STYLE – Renaissance.
Data sheet: Illuminated Facsimiles
Full-size color reproduction of the entire original document – The facsimile reproduces as close as possible the physical characteristics of the original document, with the aim to substitute it in the scientific research and in the libraries of the bibliophile collectors. Trimming and composition of the leaves reproduce the profile and structure of the original document. The binding corresponds to that of the original document as it appears at the present moment.

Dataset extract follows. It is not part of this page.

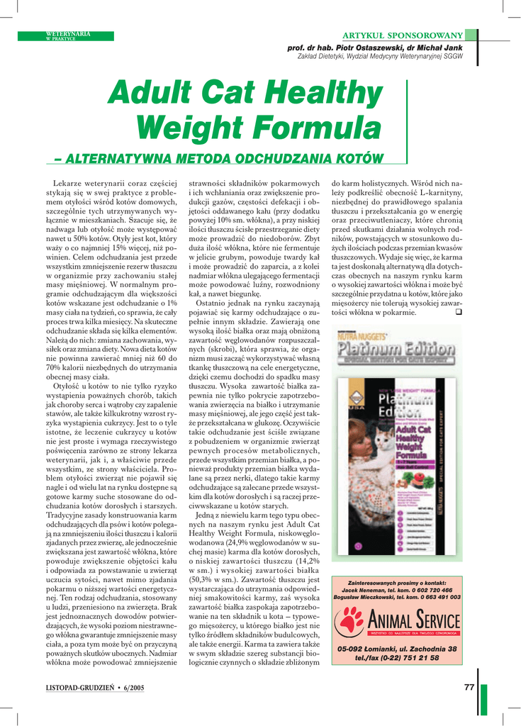 WETERYNARIA ARTYKUŁ SPONSOROWANY prof. dr hab. Piotr Ostaszewski, dr Michał Jank W PRAKTYCE Zakład Dietetyki, Wydział Medycyny Weterynaryjnej SGGW Adult Cat Healthy Weight Formula – ALTERNATYWNA METODA ODCHUDZANIA KOT KOTÓ ÓW Lekarze weterynarii coraz częściej stykają się w swej praktyce z problemem otyłości wśród kotów domowych, szczególnie tych utrzymywanych wyłącznie w mieszkaniach. Szacuje się, że nadwaga lub otyłość może występować nawet u 50% kotów. Otyły jest kot, który waży o co najmniej 15% więcej, niż powinien. Celem odchudzania jest przede wszystkim zmniejszenie rezerw tłuszczu w organizmie przy zachowaniu stałej masy mięśniowej. W normalnym programie odchudzającym dla większości kotów wskazane jest odchudzanie o 1% masy ciała na tydzień, co sprawia, że cały proces trwa kilka miesięcy. Na skuteczne odchudzanie składa się kilka elementów. Należą do nich: zmiana zachowania, wysiłek oraz zmiana diety. Nowa dieta kotów nie powinna zawierać mniej niż 60 do 70% kalorii niezbędnych do utrzymania obecnej masy ciała. Otyłość u kotów to nie tylko ryzyko wystąpienia poważnych chorób, takich jak choroby serca i wątroby czy zapalenie stawów, ale także kilkukrotny wzrost ryzyka wystąpienia cukrzycy. Jest to o tyle istotne, że leczenie cukrzycy u kotów nie jest proste i wymaga rzeczywistego poświęcenia zarówno ze strony lekarza weterynarii, jak i, a właściwie przede wszystkim, ze strony właściciela. Problem otyłości zwierząt nie pojawił się nagle i od wielu lat na rynku dostępne są gotowe karmy suche stosowane do odchudzania kotów dorosłych i starszych. Tradycyjne zasady konstruowania karm odchudzających dla psów i kotów polegają na zmniejszeniu ilości tłuszczu i kalorii zjadanych przez zwierzę, ale jednocześnie zwiększana jest zawartość włókna, które powoduje zwiększenie objętości kału i odpowiada za powstawanie u zwierząt uczucia sytości, nawet mimo zjadania pokarmu o niższej wartości energetycznej. Ten rodzaj odchudzania, stosowany u ludzi, przeniesiono na zwierzęta. Brak jest jednoznacznych dowodów potwierdzających, że wysoki poziom niestrawnego włókna gwarantuje zmniejszenie masy ciała, a poza tym może być on przyczyną poważnych skutków ubocznych. Nadmiar włókna może powodować zmniejszenie LISTOPAD-GRUDZIEŃ • 6/2005 strawności składników pokarmowych i ich wchłaniania oraz zwiększenie produkcji gazów, częstości defekacji i objętości oddawanego kału (przy dodatku powyżej 10% sm. włókna), a przy niskiej ilości tłuszczu ścisłe przestrzeganie diety może prowadzić do niedoborów. Zbyt duża ilość włókna, które nie fermentuje w jelicie grubym, powoduje twardy kał i może prowadzić do zaparcia, a z kolei nadmiar włókna ulegającego fermentacji może powodować luźny, rozwodniony kał, a nawet biegunkę. Ostatnio jednak na rynku zaczynają pojawiać się karmy odchudzające o zupełnie innym składzie. Zawierają one wysoką ilość białka oraz mają obniżoną zawartość węglowodanów rozpuszczalnych (skrobi), która sprawia, że organizm musi zacząć wykorzystywać własną tkankę tłuszczową na cele energetyczne, dzięki czemu dochodzi do spadku masy tłuszczu. Wysoka zawartość białka zapewnia nie tylko pokrycie zapotrzebowania zwierzęcia na białko i utrzymanie masy mięśniowej, ale jego część jest także przekształcana w glukozę. Oczywiście takie odchudzanie jest ściśle związane z pobudzeniem w organizmie zwierząt pewnych procesów metabolicznych, przede wszystkim przemian białka, a ponieważ produkty przemian białka wydalane są przez nerki, dlatego takie karmy odchudzające są zalecane przede wszystkim dla kotów dorosłych i są raczej przeciwwskazane u kotów starych. Jedną z niewielu karm tego typu obecnych na naszym rynku jest Adult Cat Healthy Weight Formula, niskowęglowodanowa (24,9% węglowodanów w suchej masie) karma dla kotów dorosłych, o niskiej zawartości tłuszczu (14,2% w sm.) i wysokiej zawartości białka (50,3% w sm.). Zawartość tłuszczu jest wystarczająca do utrzymania odpowiedniej smakowitości karmy, zaś wysoka zawartość białka zaspokaja zapotrzebowanie na ten składnik u kota – typowego mięsożercy, u którego białko jest nie tylko źródłem składników budulcowych, ale także energii. Karma ta zawiera także w swym składzie szereg substancji biologicznie czynnych o składzie zbliżonym do karm holistycznych. Wśród nich należy podkreślić obecność L-karnityny, niezbędnej do prawidłowego spalania tłuszczu i przekształcania go w energię oraz przeciwutleniaczy, które chronią przed skutkami działania wolnych rodników, powstających w stosunkowo dużych ilościach podczas przemian kwasów tłuszczowych. Wydaje się więc, że karma ta jest doskonałą alternatywą dla dotychczas obecnych na naszym rynku karm o wysokiej zawartości włókna i może być szczególnie przydatna u kotów, które jako mięsożercy nie tolerują wysokiej zawartości włókna w pokarmie. Zainteresowanych prosimy o kontakt: Jacek Neneman, tel. kom. 0 602 720 466 Bogusław Mieczkowski, tel. kom. 0 663 491 003 05-092 Łomianki, ul. Zachodnia 38 tel./fax (0-22) 751 21 58 77

Publisher – Franco Cosimo Panini Editore (Modena, 2005).
Series – Biblioteca Impossibile.
Limited edition – Limited edition of 980 numbered and certified copies.
Certificate of authenticity – The authenticity certificate printed on the colophon bears the copy number.
Binding – Handmade binding by Legatoria Rivani.
Commentary – Italian language commentary volume, size 21 x 15 cm, blue velvet binding with gilded impressions, colour photos, 295 pages. Preface and essays by: Arduini, Franca; Acidini Luchinat, Cristina; Di Domenico, Adriana; Liscia Bemporad, Dora; Regnicoli, Laura. ISBN 88-8290-784-8.
Slipcase – The facsimile and the commentary volume are issued in an elegant double-compartment slipcase in blue velvet with the Medici coat of arms above.